• [Task requirements]:
Extract the records in full, leaving every picture out.

☆ ☆ ☆

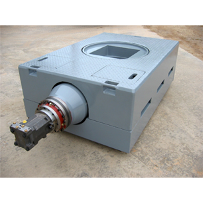 MODEL 17.5 is a heavy duty rotary table designed to take 41/2" drill pipe down to 12,000 ft. Features include high quality bearings on the pinion shaft as well as angular ball thrust bearings serving as the main and upthrust bearing. The spiral ring and pinion gears are heat treated and lapped. The pinion shaft also has an adjustable locking device. The 17.5 table can be furnished with 44" through 531/4" centers.
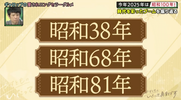 今年は昭和で数えるとちょうど100年にあたる年。100年の間に起こったさまざまな“食のブーム”を紹介しながら、その中で生まれ、今も愛され続けるグルメをギャロップが調査する「ギャロップの昭和100年!愛されロングセラーグルメ」。今回も、3つの年にスポットを当てる。
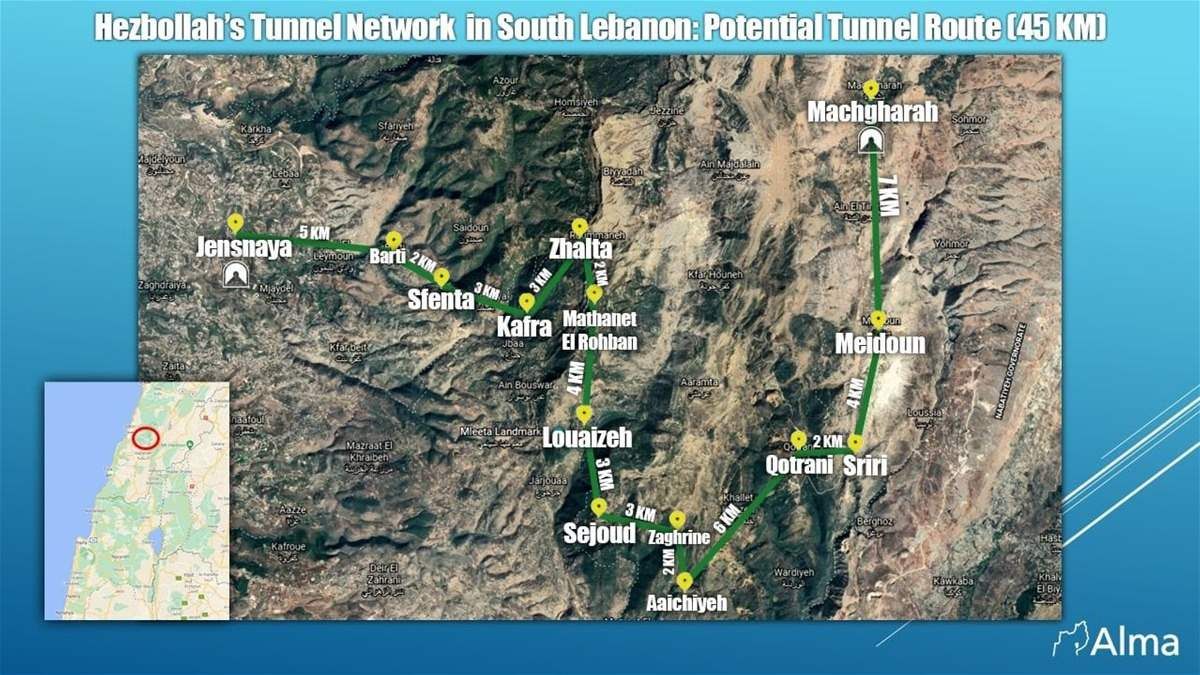 ونشر المعهد الإسرائيلي خريطة تُظهر مسار نفق يمتلكه "حزب الله" ويبدأ من منطقة جنسنايا - قضاء جزين وصولاً إلى بلدة مشغرة في البقاع الغربيّ.
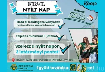 Idén is interaktív programokkal és izgalmas előadásokkal várja a pályaválasztás előtt álló középiskolásokat a Debreceni Egyetem Gazdaságtudományi Kara. A december 17-i, szerdai nyílt napon a résztvevők nemcsak átfogó képet kaphatnak a kar debreceni, valamint szolnoki kurzusairól is, de értékes ajándékokkal és plusz felvételi pontokkal is gazdagodhatnak.
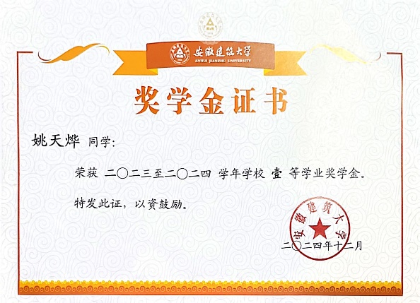 姚天烨,中共党员,安徽建筑大学土木工程学院2022级城市地下空间工程专业本科生,曾荣获校学业一等、二等奖学金、合轨优才二等奖学金,三好学生、优秀共青团员等荣誉称号。自大一以来,成绩一直保持优异,平均绩点3.58,位居专业第二。现已成功保研至合肥工业大学土木工程学院力学专业。
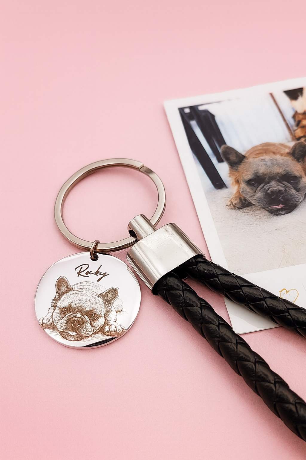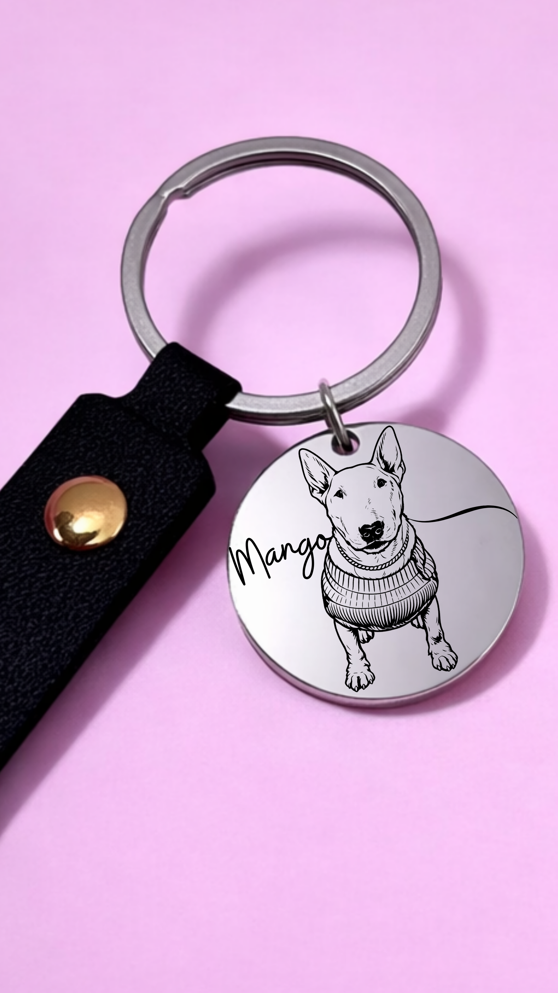 Llavero con foto de mascota tipo vector con nombre.
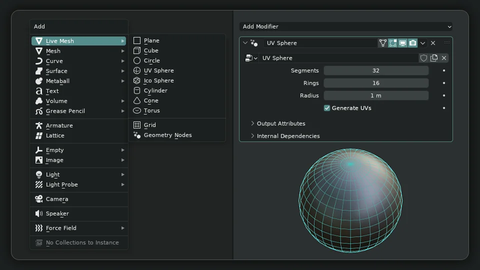 Live Meshes is an add-on that enables the modification of mesh primitive parameters after their initial creation in Blender. It replicates the behavior of native Blender mesh primitives, allowing for adjustments such as changing the number of sides on a cylinder at any point in the workflow. The tool supports procedural modeling approaches by removing the need to finalize primitive settings immediately upon adding them to a scene.
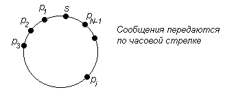 c’Pi, …, cPN), для которых (cPi , c’Pi ) Î ^iPi ; · àPiPj это множество пар (…, cPi, …, cPj , …), (…, c’Pi, …, c’Pj , …), для которых существует сообщение m Î M такое, что (cPi , m, c’Pi ) Î ^sPi и (cPj , m, c’Pj ) Î ^rPj . (3) I = {(cP1, …, cPN) : ("p Î P : cp Î Ip)}. Некоторые распределенные системы допускают гибридные формы коммуникации; процессы в них имеют коммуникационные примитивы для передачи сообщений как в синхронном так и в асинхронном стиле. Имея две модели, определенные выше, нетрудно разработать формальную модель для этого типа распределенных систем. Конфигурации такой системы включают состояния процессов и набор сообщений в процессе передачи (а именно, асинхронных сообщений). Переходы включают все типы переходов представленных в определениях 2.6 и 2.7. Синхронизм и его влияние на алгоритмы. Уже было замечено, что во многих случаях синхронная передача сообщений может рассматриваться как специальный случай асинхронной передачи сообщений. Набор исполнений ограничен в случае синхронной передачи сообщений исполнениями, где за каждым событием отправки немедленно следует соответствующее событие приема [CBMT92]. Мы поэтому рассматриваем асинхронную передачу сообщений как более общую модель, и будем разрабатывать алгоритмы в основном для этого общего случая. Однако, нужно быть внимательным, когда алгоритм, разработанный для асинхронной передачи сообщений исполняется в системе с синхронной передачей сообщений. Пониженный недетерминизм в коммуникационной системе должен быть сбалансирован повышенным недетерминизмом в процессах, в противном случае результатом всего этого может стать тупик. Мы проиллюстрируем это элементарным примером, в котором два процесса посылают друг другу некоторую информацию. В асинхронном случае, каждый процесс может сначала послать сообщение и впоследствии получает сообщение от другого процесса. Сообщения временно накапливаются в коммуникационной подсистеме между их отправкой и посылкой. В синхронном случае, такого накапливания невозможно, и если оба процесса должны послать их собственные сообщения перед тем как они могут получить сообщение, то никакой передачи вообще не будет. В синхронном случае, один из процессов должен получить сообщение перед тем как другой процесс отправит свое собственное сообщение. Нет нужды говорить, что, если оба процесса должны получить сообщение перед отправкой их собственных сообщений, опять же не будет никакой передачи. Обмен двумя сообщениями будет иметь место в синхронном случае, только если одно из двух нижеследующих условий выполняется. (1) Заранее определено, какой из двух процессов будет отправлять первым, и какой процесс будет первым получать. Во многих случаях невозможно сделать такой выбор заранее, потому что это потребует выполнения различных локальных алгоритмов в процессах. (2) Процессы имеют право недетерминированного выбора либо отправлять сначала, потом принимать, либо получать сначала, потом – посылать. В каждом исполнении один из возможных порядков исполнения будет выбран для каждого процесса, т.е. симметрия нарушается коммуникационной системой. Когда мы представляем алгоритм для асинхронной передачи сообщений и утверждаем, что алгоритм может также использоваться при синхронной передаче сообщений, добавление этого недетерминизма, который всегда возможен, предполагается неявно. В некото
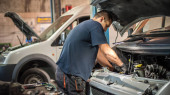 Zdjęcie "Mechanik wyładowuje olej silnikowy ze zbiornika silnika pod samochodem" może być wykorzystywane do celów osobistych i komercyjnych zgodnie z warunkami zakupionej licencji Royalty-free. Obraz jest dostępny do pobrania w jakości wysokiej rozdzielczości do 5760x3840.
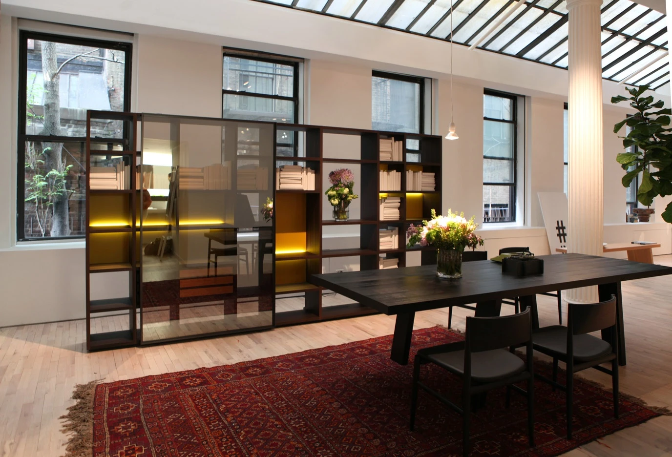 Porro introduced its new exhibition space in the Big Apple during the ICFF, America’s leading contemporary furniture show. Located in the heart of SoHo, at 21 Greene Street, Studio Anise is an elegant, international space that offers a comprehensive, new showcase of Porro products. This is the ideal setting for Porro’s elegantly functional furniture systems for the office and the home, including both the living area and the bedrooms. The varied selection features Modern system of containers and shelving, System modular bookcases, and Storage system of wardrobes and walk-in closets, as well as beds, containers, bookshelves, chairs, tables, complements and accessories.
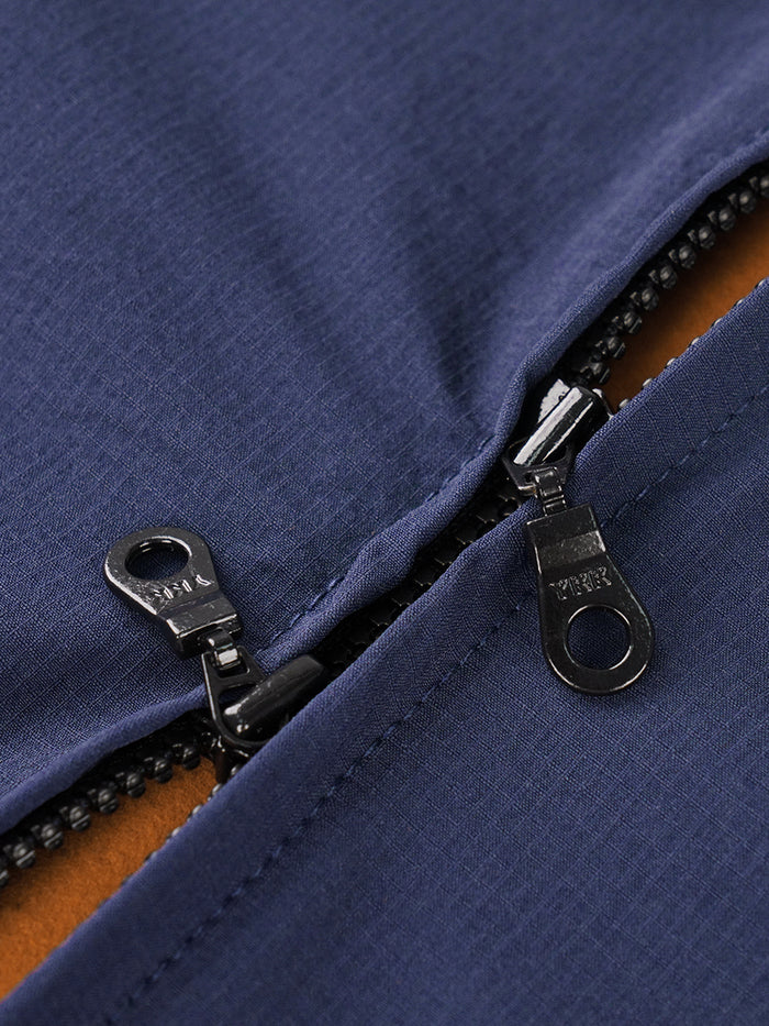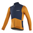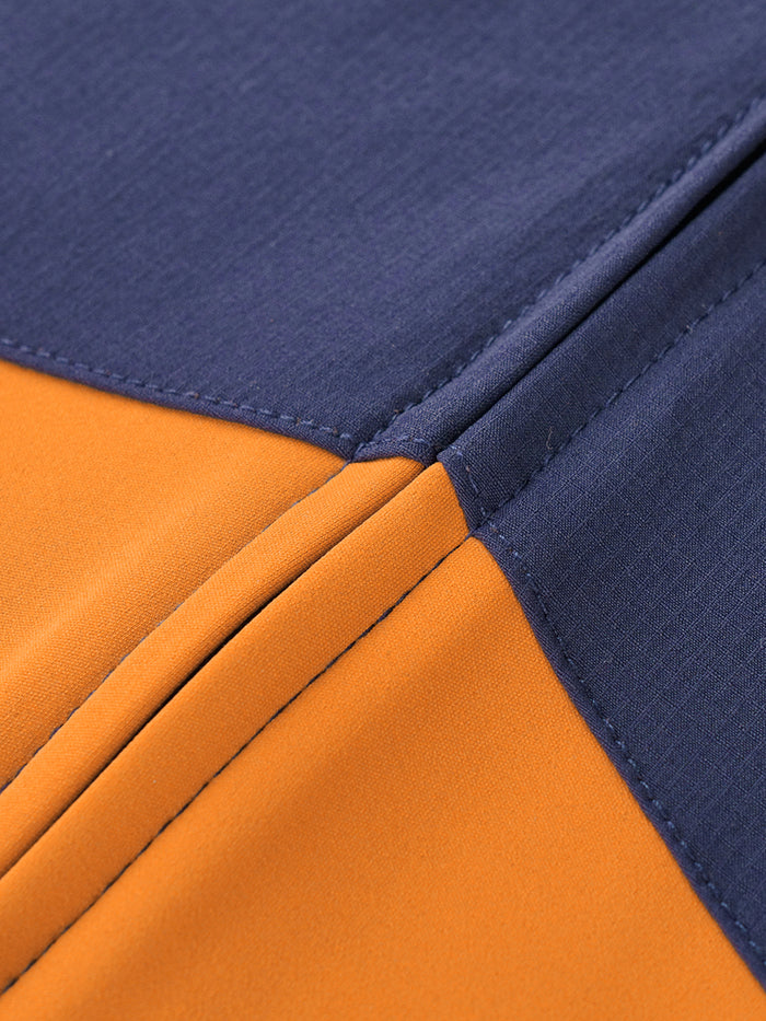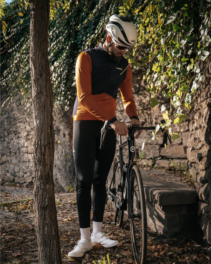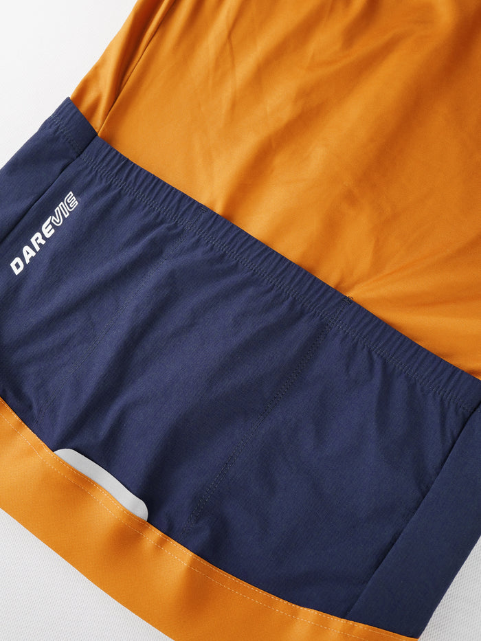 Dual-Fabric Performance Design, deep navy 4-way stretch woven nylon front for wind and water resistance, with lightweight orange thermal fabric elsewhere for warmth and breathability. YKK double slider zipper and anti-slip hem block cold air, while the 3+2 pocket system holds energy gels and essentials. Reflective rear details enhance visibility, making the Zephyr versatile for autumn and winter rides.
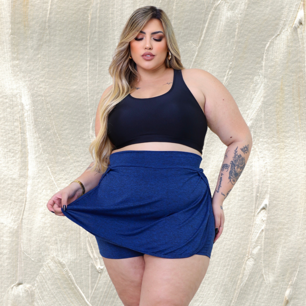 Short Saia Academia Plus Size Tapa bumbum fitness tecido Dry Fit Dia a dia 44 ao 56 Tamanho Grande
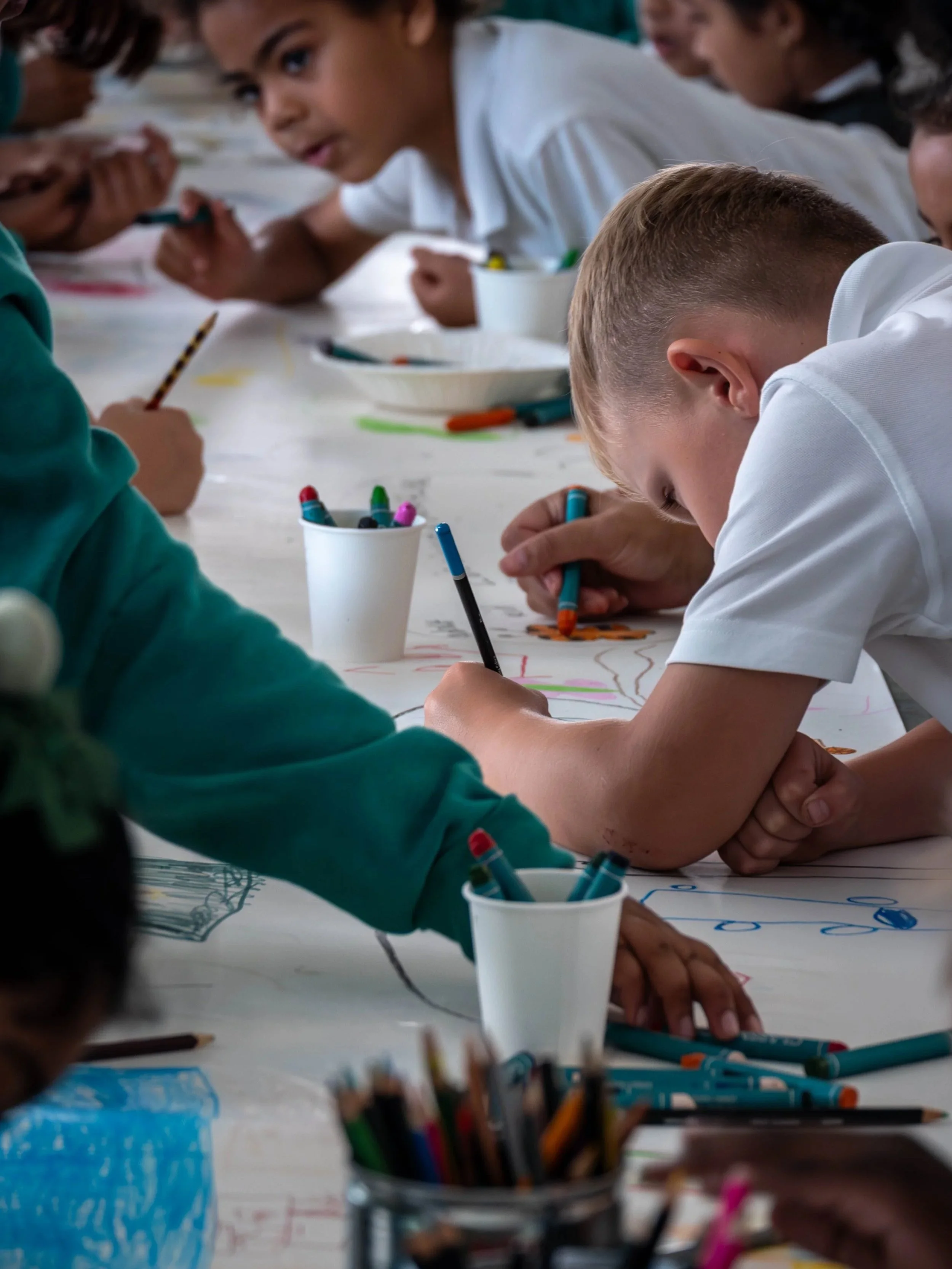 Art in the Docks works with schools to bring creative workshops, wellbeing activities, and participatory arts projects into the classroom. Students explore visual arts, performance, and collaborative making while developing confidence, teamwork, and self-expression.

☆ ☆ ☆

• [Expected answer]:
 MODEL 17.5 is a heavy duty rotary table designed to take 41/2" drill pipe down to 12,000 ft. Features include high quality bearings on the pinion shaft as well as angular ball thrust bearings serving as the main and upthrust bearing. The spiral ring and pinion gears are heat treated and lapped. The pinion shaft also has an adjustable locking device. The 17.5 table can be furnished with 44" through 531/4" centers.
 今年は昭和で数えるとちょうど100年にあたる年。100年の間に起こったさまざまな“食のブーム”を紹介しながら、その中で生まれ、今も愛され続けるグルメをギャロップが調査する「ギャロップの昭和100年!愛されロングセラーグルメ」。今回も、3つの年にスポットを当てる。
 ونشر المعهد الإسرائيلي خريطة تُظهر مسار نفق يمتلكه "حزب الله" ويبدأ من منطقة جنسنايا - قضاء جزين وصولاً إلى بلدة مشغرة في البقاع الغربيّ.
 Idén is interaktív programokkal és izgalmas előadásokkal várja a pályaválasztás előtt álló középiskolásokat a Debreceni Egyetem Gazdaságtudományi Kara. A december 17-i, szerdai nyílt napon a résztvevők nemcsak átfogó képet kaphatnak a kar debreceni, valamint szolnoki kurzusairól is, de értékes ajándékokkal és plusz felvételi pontokkal is gazdagodhatnak.
 姚天烨,中共党员,安徽建筑大学土木工程学院2022级城市地下空间工程专业本科生,曾荣获校学业一等、二等奖学金、合轨优才二等奖学金,三好学生、优秀共青团员等荣誉称号。自大一以来,成绩一直保持优异,平均绩点3.58,位居专业第二。现已成功保研至合肥工业大学土木工程学院力学专业。
 Llavero con foto de mascota tipo vector con nombre.
 Live Meshes is an add-on that enables the modification of mesh primitive parameters after their initial creation in Blender. It replicates the behavior of native Blender mesh primitives, allowing for adjustments such as changing the number of sides on a cylinder at any point in the workflow. The tool supports procedural modeling approaches by removing the need to finalize primitive settings immediately upon adding them to a scene.
 c’Pi, …, cPN), для которых (cPi , c’Pi ) Î ^iPi ; · àPiPj это множество пар (…, cPi, …, cPj , …), (…, c’Pi, …, c’Pj , …), для которых существует сообщение m Î M такое, что (cPi , m, c’Pi ) Î ^sPi и (cPj , m, c’Pj ) Î ^rPj . (3) I = {(cP1, …, cPN) : ("p Î P : cp Î Ip)}. Некоторые распределенные системы допускают гибридные формы коммуникации; процессы в них имеют коммуникационные примитивы для передачи сообщений как в синхронном так и в асинхронном стиле. Имея две модели, определенные выше, нетрудно разработать формальную модель для этого типа распределенных систем. Конфигурации такой системы включают состояния процессов и набор сообщений в процессе передачи (а именно, асинхронных сообщений). Переходы включают все типы переходов представленных в определениях 2.6 и 2.7. Синхронизм и его влияние на алгоритмы. Уже было замечено, что во многих случаях синхронная передача сообщений может рассматриваться как специальный случай асинхронной передачи сообщений. Набор исполнений ограничен в случае синхронной передачи сообщений исполнениями, где за каждым событием отправки немедленно следует соответствующее событие приема [CBMT92]. Мы поэтому рассматриваем асинхронную передачу сообщений как более общую модель, и будем разрабатывать алгоритмы в основном для этого общего случая. Однако, нужно быть внимательным, когда алгоритм, разработанный для асинхронной передачи сообщений исполняется в системе с синхронной передачей сообщений. Пониженный недетерминизм в коммуникационной системе должен быть сбалансирован повышенным недетерминизмом в процессах, в противном случае результатом всего этого может стать тупик. Мы проиллюстрируем это элементарным примером, в котором два процесса посылают друг другу некоторую информацию. В асинхронном случае, каждый процесс может сначала послать сообщение и впоследствии получает сообщение от другого процесса. Сообщения временно накапливаются в коммуникационной подсистеме между их отправкой и посылкой. В синхронном случае, такого накапливания невозможно, и если оба процесса должны послать их собственные сообщения перед тем как они могут получить сообщение, то никакой передачи вообще не будет. В синхронном случае, один из процессов должен получить сообщение перед тем как другой процесс отправит свое собственное сообщение. Нет нужды говорить, что, если оба процесса должны получить сообщение перед отправкой их собственных сообщений, опять же не будет никакой передачи. Обмен двумя сообщениями будет иметь место в синхронном случае, только если одно из двух нижеследующих условий выполняется. (1) Заранее определено, какой из двух процессов будет отправлять первым, и какой процесс будет первым получать. Во многих случаях невозможно сделать такой выбор заранее, потому что это потребует выполнения различных локальных алгоритмов в процессах. (2) Процессы имеют право недетерминированного выбора либо отправлять сначала, потом принимать, либо получать сначала, потом – посылать. В каждом исполнении один из возможных порядков исполнения будет выбран для каждого процесса, т.е. симметрия нарушается коммуникационной системой. Когда мы представляем алгоритм для асинхронной передачи сообщений и утверждаем, что алгоритм может также использоваться при синхронной передаче сообщений, добавление этого недетерминизма, который всегда возможен, предполагается неявно. В некото
 Zdjęcie "Mechanik wyładowuje olej silnikowy ze zbiornika silnika pod samochodem" może być wykorzystywane do celów osobistych i komercyjnych zgodnie z warunkami zakupionej licencji Royalty-free. Obraz jest dostępny do pobrania w jakości wysokiej rozdzielczości do 5760x3840.
 Porro introduced its new exhibition space in the Big Apple during the ICFF, America’s leading contemporary furniture show. Located in the heart of SoHo, at 21 Greene Street, Studio Anise is an elegant, international space that offers a comprehensive, new showcase of Porro products. This is the ideal setting for Porro’s elegantly functional furniture systems for the office and the home, including both the living area and the bedrooms. The varied selection features Modern system of containers and shelving, System modular bookcases, and Storage system of wardrobes and walk-in closets, as well as beds, containers, bookshelves, chairs, tables, complements and accessories.
 Dual-Fabric Performance Design, deep navy 4-way stretch woven nylon front for wind and water resistance, with lightweight orange thermal fabric elsewhere for warmth and breathability. YKK double slider zipper and anti-slip hem block cold air, while the 3+2 pocket system holds energy gels and essentials. Reflective rear details enhance visibility, making the Zephyr versatile for autumn and winter rides.
 Short Saia Academia Plus Size Tapa bumbum fitness tecido Dry Fit Dia a dia 44 ao 56 Tamanho Grande
 Art in the Docks works with schools to bring creative workshops, wellbeing activities, and participatory arts projects into the classroom. Students explore visual arts, performance, and collaborative making while developing confidence, teamwork, and self-expression.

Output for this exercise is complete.